§ **Data block**:
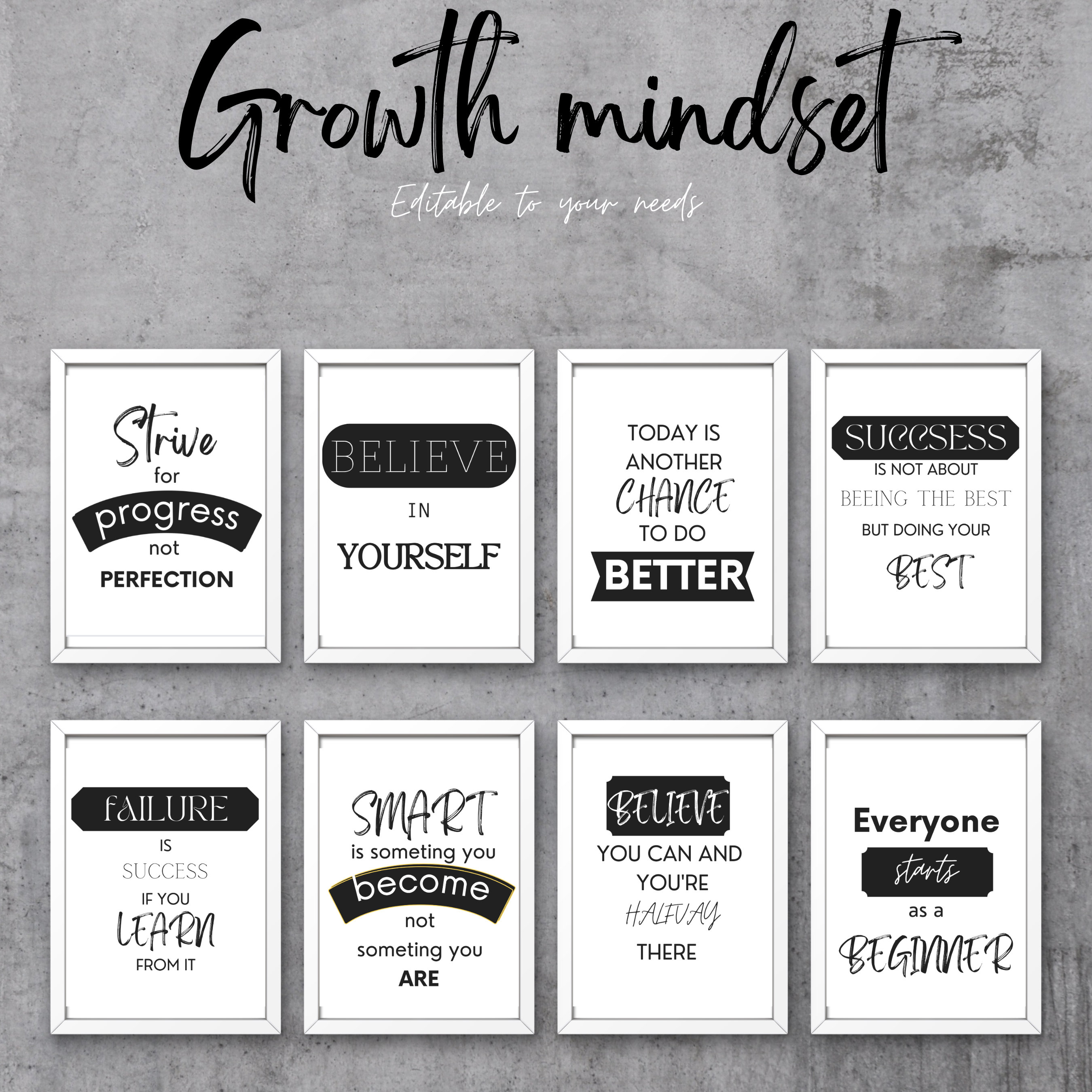 Growth mindset classroom posters, simple black and white or create ...
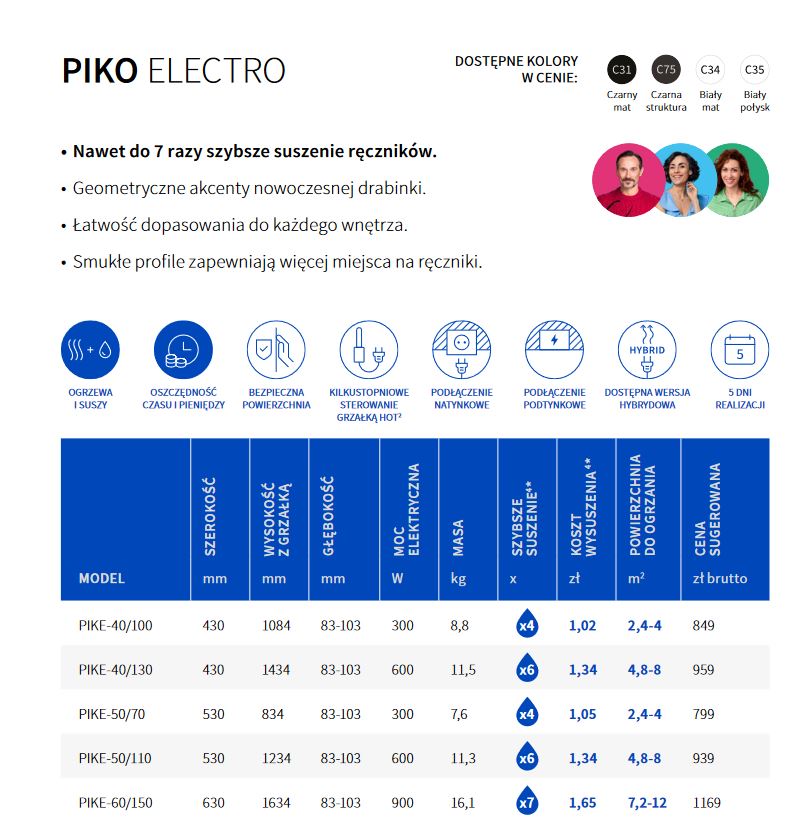 Grzejnik łazienkowy PIKO ELECTRO to wyjątkowy produkt! Spełnia oczekiwania zarówno poszukiwaczy typowo użytkowych korzyści, jak i osób zwracających dużą uwagę na wygląd urządzenia. Łączy w sobie bowiem niezawodne działanie i sprawdzoną konstrukcję odporną na uszkodzenia, a także nowoczesny design z wysoką precyzją wykończenia. Poprzez geometryczne akcenty dodaje charakteru nawet najprostszej aranżacji. Jednocześnie może zostać łatwo dopasowany do każdego wnętrza, dając efekt zachwycającej spójności z otoczeniem. W PIKO ELECTRO – tak, jak w innych grzejnikach – każdy element tworzymy z najwyższą starannością. To uwidacznia się w solidności całego produktu, również najmniejszych detali. Dzięki temu grzejnik przyciąga spojrzenia i zapada w pamięć. Dostępny jest w 23 kolorach z palety IP. Za dodatkową opłatą możemy przemalować go na dowolny kolor z palety RAL.
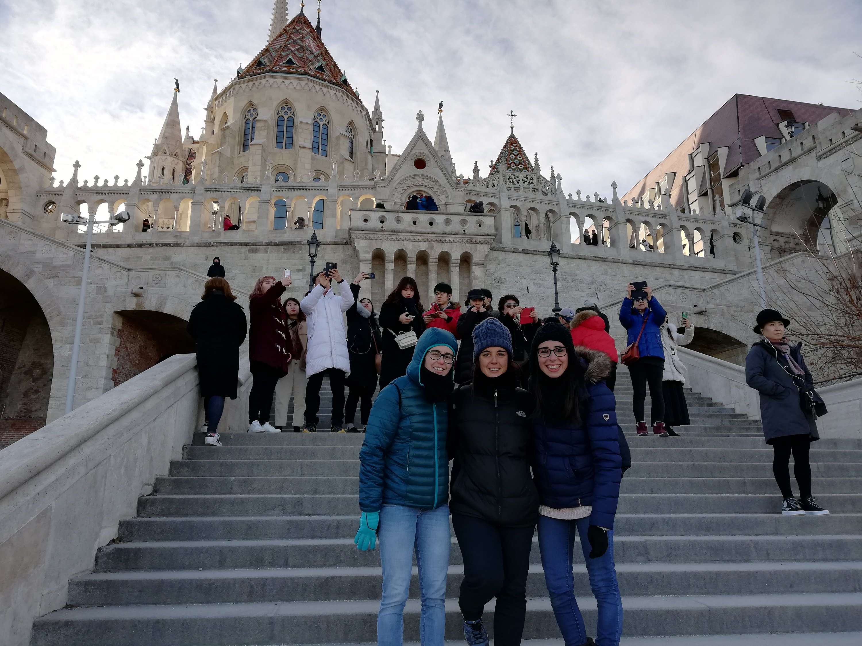 Llegamos arriba justo en el cambio de guardia, son las 12 en punto. De ahí nos dirigimos a la iglesia de sant Matias y el bastión de los pescadores. En una muy bonita y turística. La iglesia por fuera tiene los azulejos típicos húngaros y desde el bastión de los pescadores podemos observar toda la ciudad de Pest.

§ **Task description**: Please output exactly the lines of the data above, from its first line through the line with "Grzejnik łazienkowy PIKO", and nothing else; drop the pictures.

§ **Response**:
 Growth mindset classroom posters, simple black and white or create ...
 Grzejnik łazienkowy PIKO ELECTRO to wyjątkowy produkt! Spełnia oczekiwania zarówno poszukiwaczy typowo użytkowych korzyści, jak i osób zwracających dużą uwagę na wygląd urządzenia. Łączy w sobie bowiem niezawodne działanie i sprawdzoną konstrukcję odporną na uszkodzenia, a także nowoczesny design z wysoką precyzją wykończenia. Poprzez geometryczne akcenty dodaje charakteru nawet najprostszej aranżacji. Jednocześnie może zostać łatwo dopasowany do każdego wnętrza, dając efekt zachwycającej spójności z otoczeniem. W PIKO ELECTRO – tak, jak w innych grzejnikach – każdy element tworzymy z najwyższą starannością. To uwidacznia się w solidności całego produktu, również najmniejszych detali. Dzięki temu grzejnik przyciąga spojrzenia i zapada w pamięć. Dostępny jest w 23 kolorach z palety IP. Za dodatkową opłatą możemy przemalować go na dowolny kolor z palety RAL.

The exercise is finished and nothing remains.